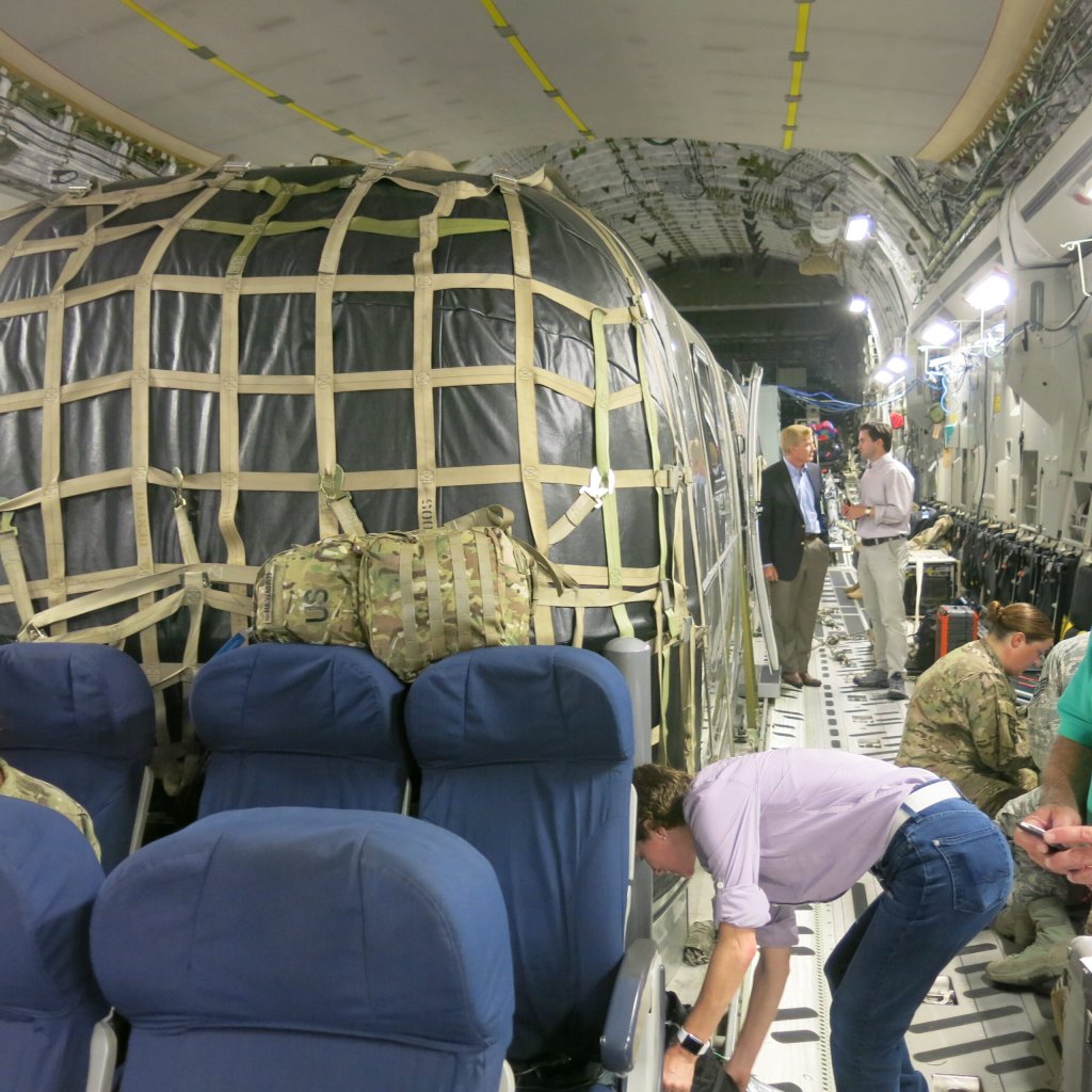 The Silver Bullet is essentially a mobile SCIF, office, and apartment all in one. An arsenal of communications tech has been continuously upgraded that works to connect the pod to the outside world. This includes multiple options for unsecure and secure voice, data, and video teleconferencing. These systems “plug in” to the existing communications systems aboard a select number of C-17s via a set of umbilical cables. There is a large “mechanical caboose” that brings up the rear of the palleted Silver Bullet system where the communications technology and controls that support the pod are held and where the pod’s electronics are interfaced with the C-17. The updated version of this enclosure is called the “Silver Eagle” and it can support communications at the very highest levels. Above all else, this includes being able to connect with the National Command Authority that underpins America’s nuclear deterrent, anywhere and anytime.
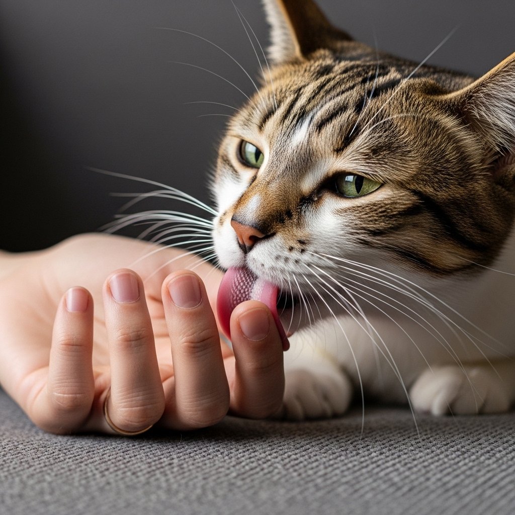Cats use grooming to bond with their selected friends while they establish their social relationships. Your hand gets licked by him while he nibbles your fingers because he wants to show his love. The two individuals use this practice to exchange their personal scents while they establish closer connections.
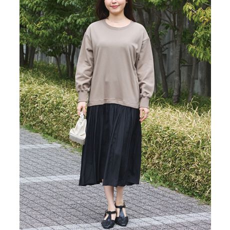 異素材を組み合わせた、1枚で着映えするドッキングワンピース。
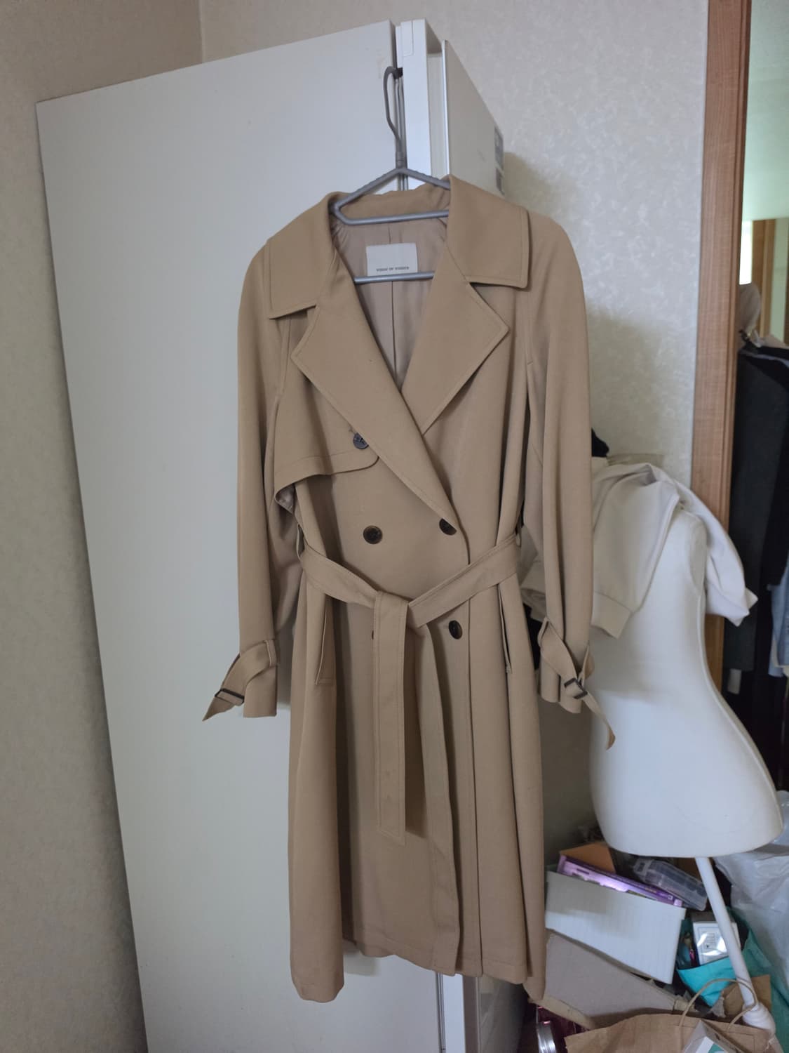 보브 트렌치코트 판매합니다. 무난한 베이지 색상이라 어디든 잘 어울립니다. 벨트 디테일로 허리 라인을 강조할 수 있습니다. 55사이즈, 넉넉하게 나왔어요 가슴반품 50cm 총장 107cm 사용감 별로없이 깨끗합니다 여분단추도있어요
※ ※ ※
__Problem requirements__
Reproduce every line above exactly as written, omitting the images.

__Result for this task__
 The Silver Bullet is essentially a mobile SCIF, office, and apartment all in one. An arsenal of communications tech has been continuously upgraded that works to connect the pod to the outside world. This includes multiple options for unsecure and secure voice, data, and video teleconferencing. These systems “plug in” to the existing communications systems aboard a select number of C-17s via a set of umbilical cables. There is a large “mechanical caboose” that brings up the rear of the palleted Silver Bullet system where the communications technology and controls that support the pod are held and where the pod’s electronics are interfaced with the C-17. The updated version of this enclosure is called the “Silver Eagle” and it can support communications at the very highest levels. Above all else, this includes being able to connect with the National Command Authority that underpins America’s nuclear deterrent, anywhere and anytime.
Cats use grooming to bond with their selected friends while they establish their social relationships. Your hand gets licked by him while he nibbles your fingers because he wants to show his love. The two individuals use this practice to exchange their personal scents while they establish closer connections.
 異素材を組み合わせた、1枚で着映えするドッキングワンピース。
 보브 트렌치코트 판매합니다. 무난한 베이지 색상이라 어디든 잘 어울립니다. 벨트 디테일로 허리 라인을 강조할 수 있습니다. 55사이즈, 넉넉하게 나왔어요 가슴반품 50cm 총장 107cm 사용감 별로없이 깨끗합니다 여분단추도있어요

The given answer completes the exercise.